▶ **Record set**
========
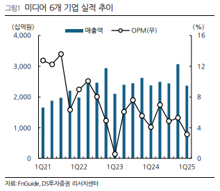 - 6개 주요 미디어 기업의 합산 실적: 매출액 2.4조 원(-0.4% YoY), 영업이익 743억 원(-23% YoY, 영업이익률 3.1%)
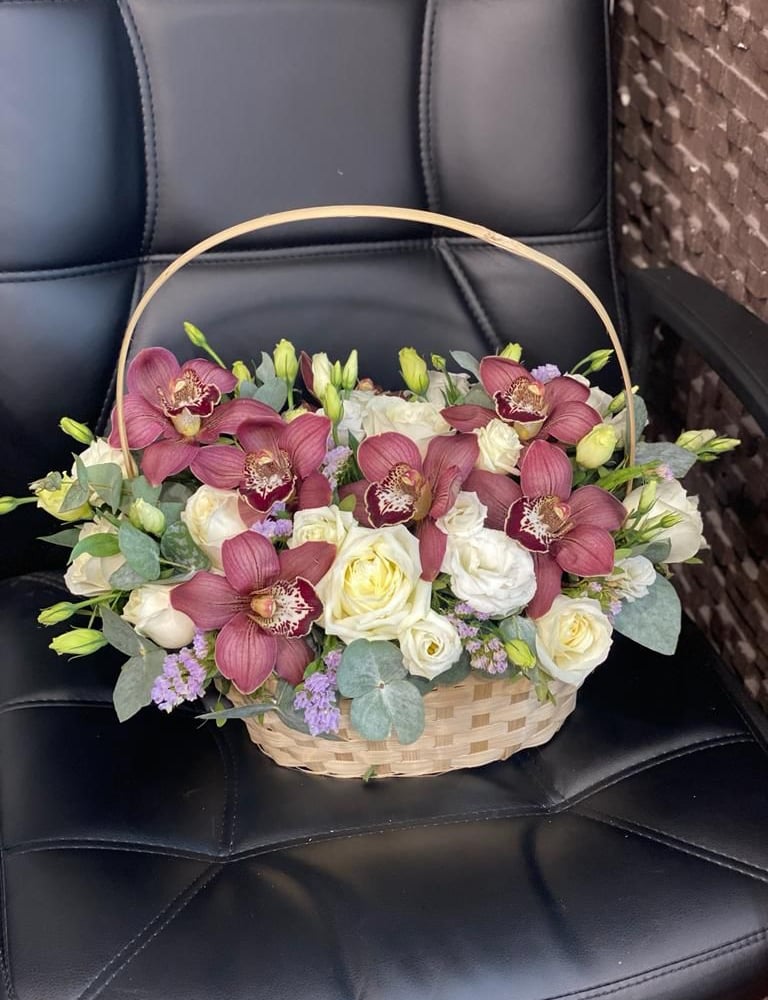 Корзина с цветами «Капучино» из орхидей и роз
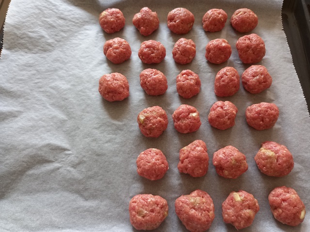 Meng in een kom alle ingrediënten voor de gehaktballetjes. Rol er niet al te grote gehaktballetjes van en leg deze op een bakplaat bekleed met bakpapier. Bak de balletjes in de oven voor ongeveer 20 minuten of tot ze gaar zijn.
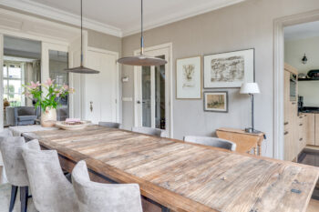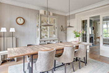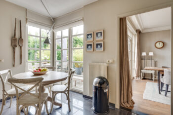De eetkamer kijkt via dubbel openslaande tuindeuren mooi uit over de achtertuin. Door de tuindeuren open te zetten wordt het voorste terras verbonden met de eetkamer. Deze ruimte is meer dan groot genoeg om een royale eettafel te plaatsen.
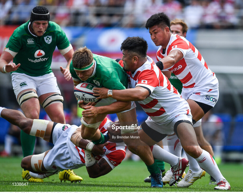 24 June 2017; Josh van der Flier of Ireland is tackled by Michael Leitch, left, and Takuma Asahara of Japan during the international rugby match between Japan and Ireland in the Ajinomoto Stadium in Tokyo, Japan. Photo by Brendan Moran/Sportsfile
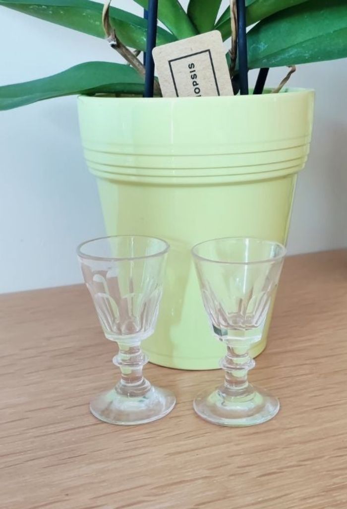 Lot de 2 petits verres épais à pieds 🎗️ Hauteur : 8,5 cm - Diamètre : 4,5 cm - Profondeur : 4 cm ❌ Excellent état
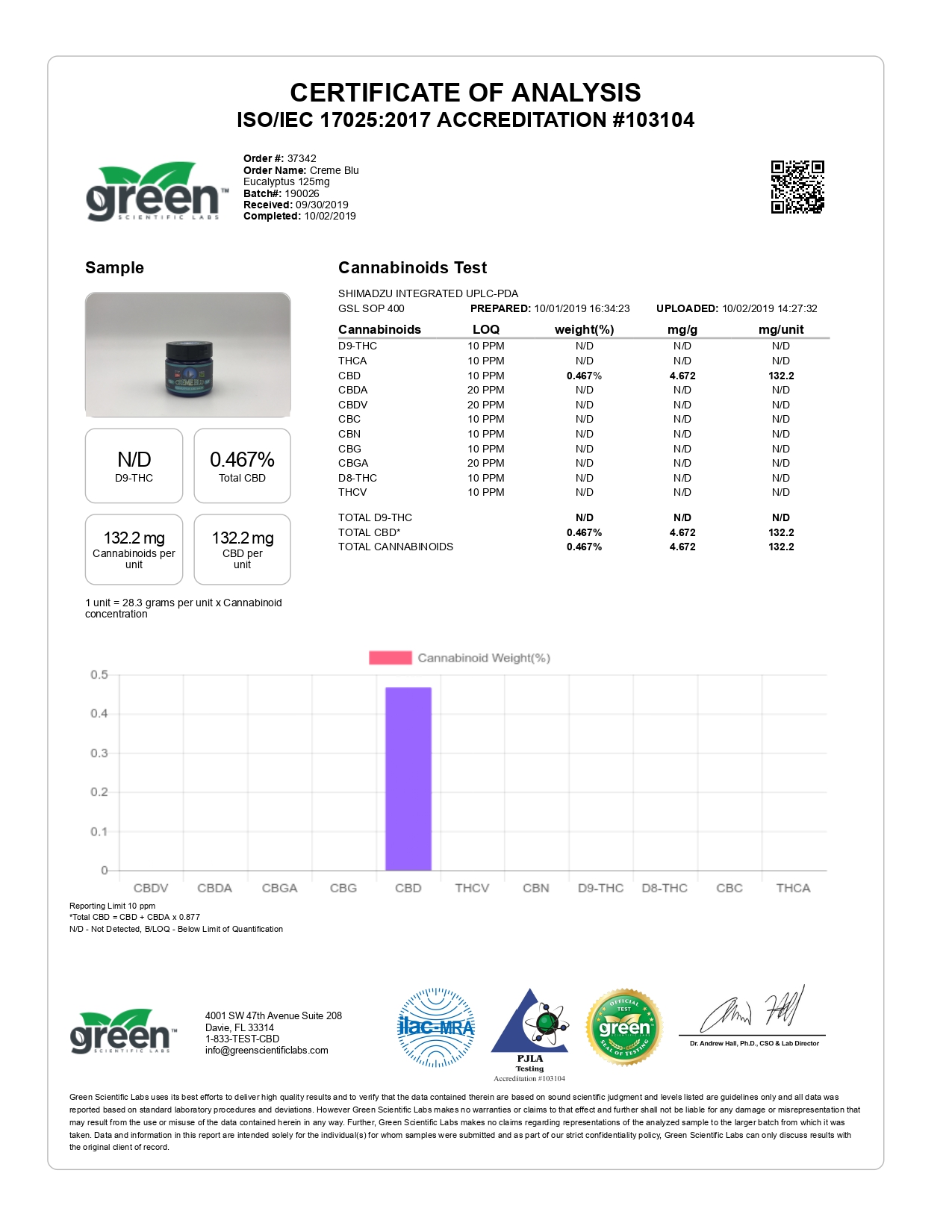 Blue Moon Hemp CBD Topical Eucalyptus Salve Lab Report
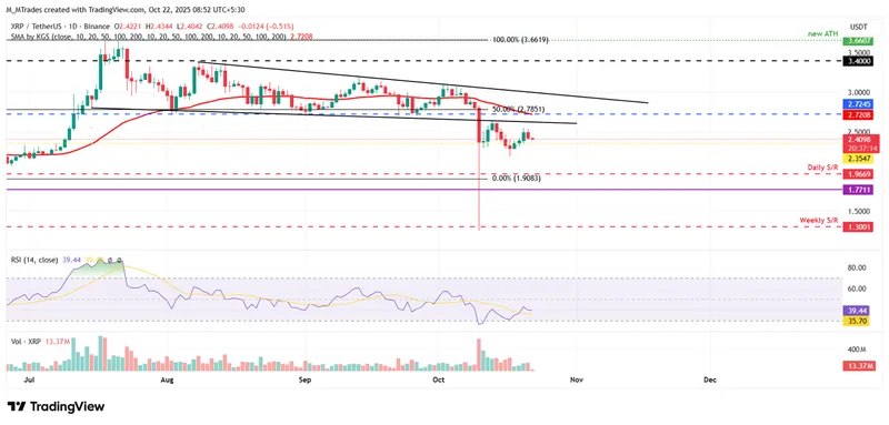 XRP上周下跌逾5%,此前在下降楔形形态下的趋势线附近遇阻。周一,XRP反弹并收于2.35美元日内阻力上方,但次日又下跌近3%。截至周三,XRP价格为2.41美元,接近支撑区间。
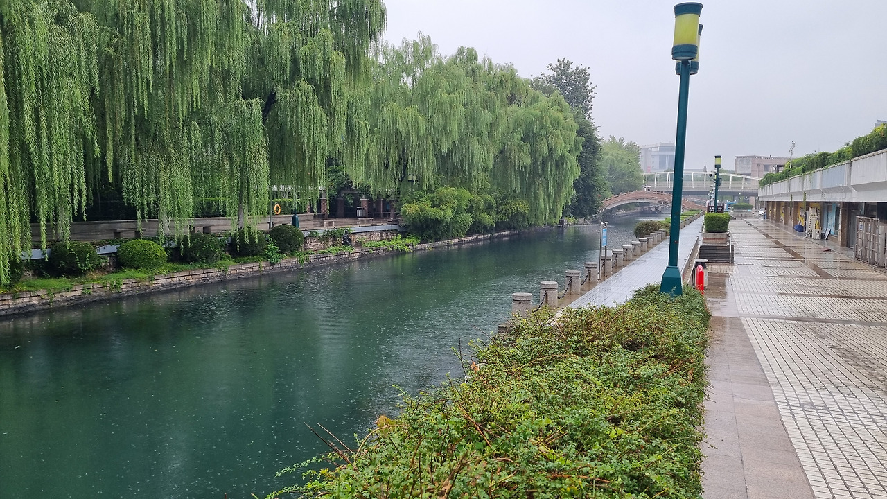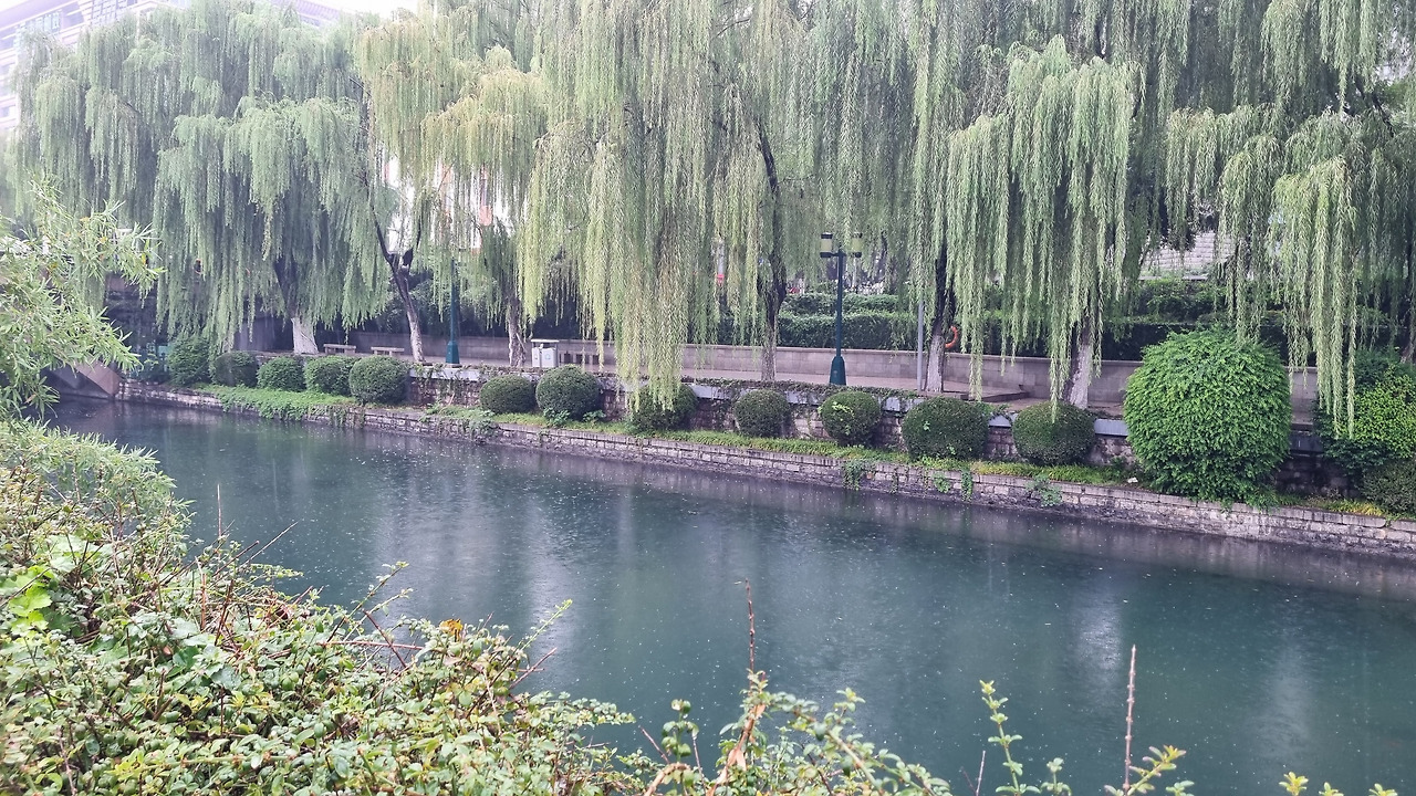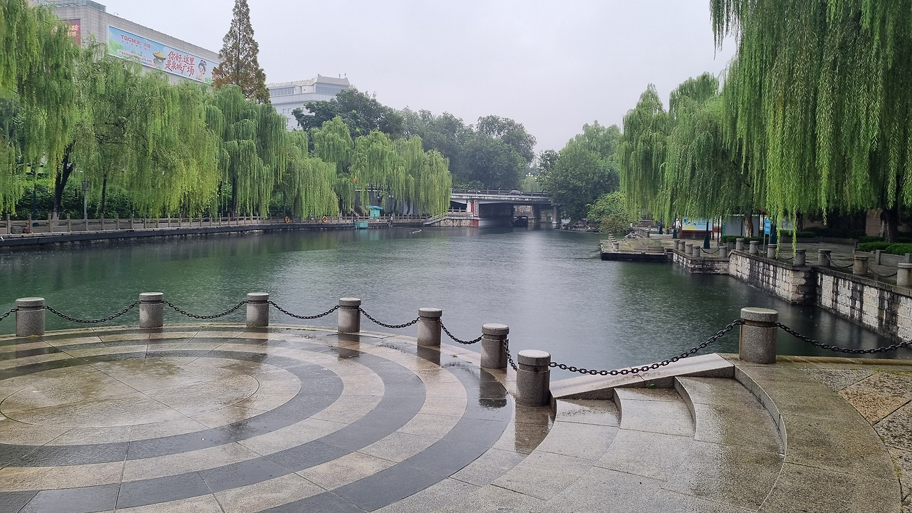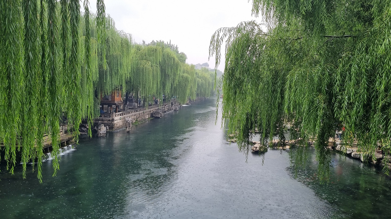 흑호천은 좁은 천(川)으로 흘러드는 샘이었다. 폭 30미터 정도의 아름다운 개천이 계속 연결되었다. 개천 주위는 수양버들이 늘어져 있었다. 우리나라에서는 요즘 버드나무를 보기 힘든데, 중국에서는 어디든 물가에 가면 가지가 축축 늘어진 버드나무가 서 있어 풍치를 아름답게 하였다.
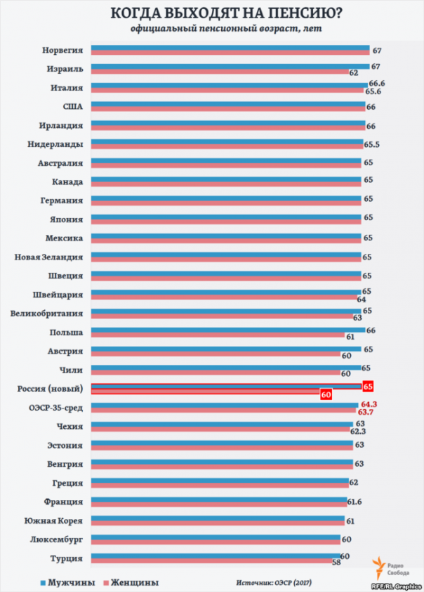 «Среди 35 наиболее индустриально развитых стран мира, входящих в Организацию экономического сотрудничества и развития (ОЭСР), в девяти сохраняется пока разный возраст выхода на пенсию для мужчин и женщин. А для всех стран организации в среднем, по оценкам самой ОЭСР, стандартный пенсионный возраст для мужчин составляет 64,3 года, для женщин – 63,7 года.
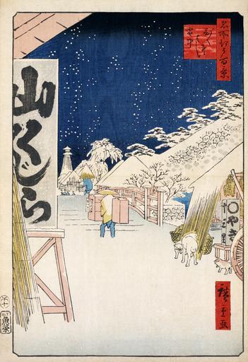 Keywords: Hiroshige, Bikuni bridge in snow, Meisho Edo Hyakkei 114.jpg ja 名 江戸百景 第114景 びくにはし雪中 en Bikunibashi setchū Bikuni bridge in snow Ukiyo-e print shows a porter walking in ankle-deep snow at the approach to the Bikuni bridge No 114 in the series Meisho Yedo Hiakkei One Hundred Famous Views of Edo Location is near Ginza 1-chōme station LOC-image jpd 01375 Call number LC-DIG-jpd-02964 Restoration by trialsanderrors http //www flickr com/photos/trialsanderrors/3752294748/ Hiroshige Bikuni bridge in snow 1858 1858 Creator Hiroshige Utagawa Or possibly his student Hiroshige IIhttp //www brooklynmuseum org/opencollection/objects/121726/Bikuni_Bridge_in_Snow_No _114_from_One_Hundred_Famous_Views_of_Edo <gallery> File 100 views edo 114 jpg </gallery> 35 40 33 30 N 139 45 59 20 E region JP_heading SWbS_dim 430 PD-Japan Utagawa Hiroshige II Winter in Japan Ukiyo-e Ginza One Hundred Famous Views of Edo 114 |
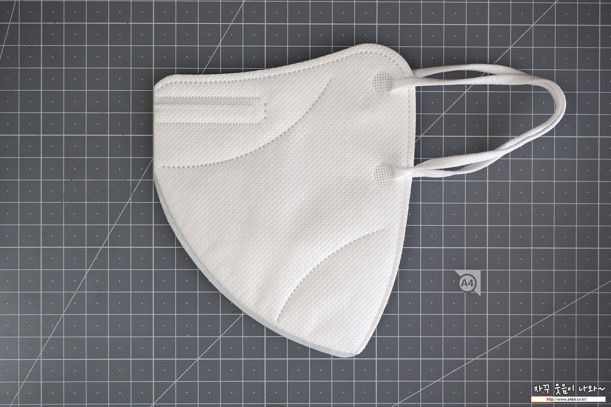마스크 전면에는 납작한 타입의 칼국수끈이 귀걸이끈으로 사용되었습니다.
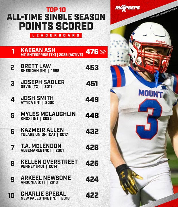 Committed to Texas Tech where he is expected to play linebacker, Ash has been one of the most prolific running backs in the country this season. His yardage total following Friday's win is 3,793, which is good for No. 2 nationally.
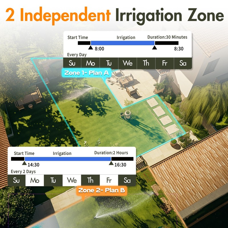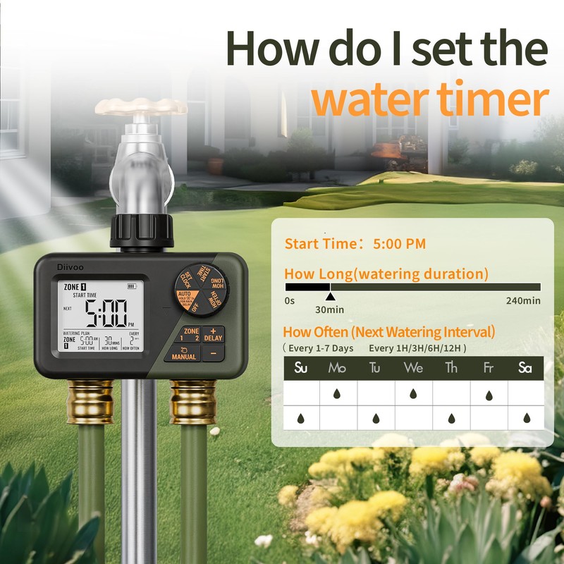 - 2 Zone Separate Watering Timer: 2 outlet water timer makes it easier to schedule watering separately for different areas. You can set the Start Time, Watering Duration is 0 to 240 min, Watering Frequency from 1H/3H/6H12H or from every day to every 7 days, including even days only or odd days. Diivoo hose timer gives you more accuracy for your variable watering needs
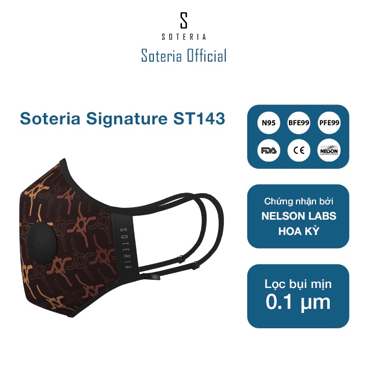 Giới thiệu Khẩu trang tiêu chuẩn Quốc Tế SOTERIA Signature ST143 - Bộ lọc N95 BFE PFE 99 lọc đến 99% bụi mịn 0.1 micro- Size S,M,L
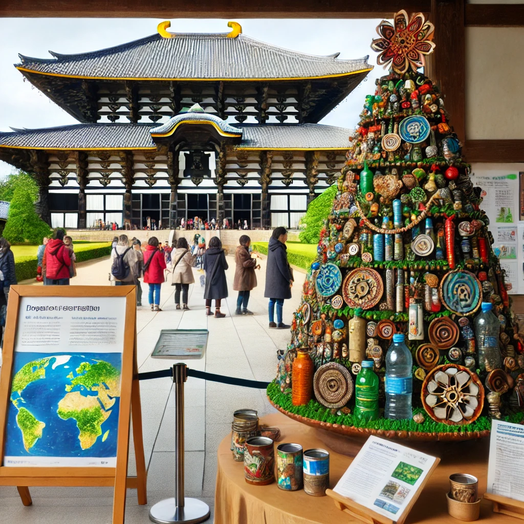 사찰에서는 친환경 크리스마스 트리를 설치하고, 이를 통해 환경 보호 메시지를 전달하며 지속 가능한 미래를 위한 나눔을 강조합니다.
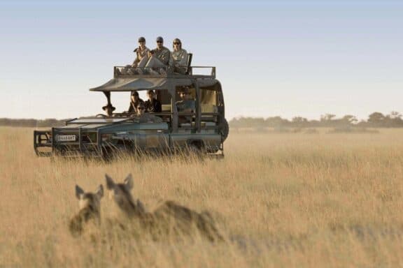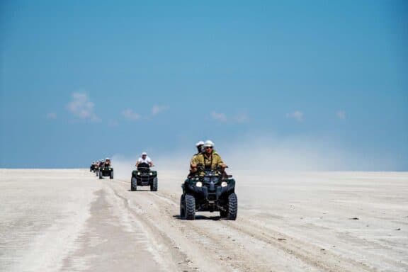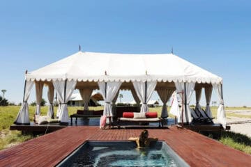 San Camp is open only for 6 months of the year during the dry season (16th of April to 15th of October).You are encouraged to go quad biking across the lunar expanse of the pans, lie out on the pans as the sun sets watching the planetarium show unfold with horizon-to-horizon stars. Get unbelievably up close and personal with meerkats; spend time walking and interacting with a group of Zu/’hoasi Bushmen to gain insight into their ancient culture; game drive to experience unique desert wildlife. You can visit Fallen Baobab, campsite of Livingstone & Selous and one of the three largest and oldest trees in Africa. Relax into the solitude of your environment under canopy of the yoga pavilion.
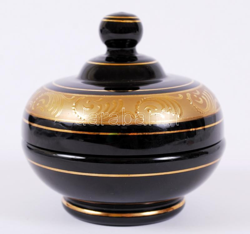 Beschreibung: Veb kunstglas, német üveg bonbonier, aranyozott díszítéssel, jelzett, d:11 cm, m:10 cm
========
▶ **Task requirements**
Here the job is to output the lines from the top of the listing through the line holding "Корзина с цветами", word for word and without pictures.

▶ **Problem solution**
 - 6개 주요 미디어 기업의 합산 실적: 매출액 2.4조 원(-0.4% YoY), 영업이익 743억 원(-23% YoY, 영업이익률 3.1%)
 Корзина с цветами «Капучино» из орхидей и роз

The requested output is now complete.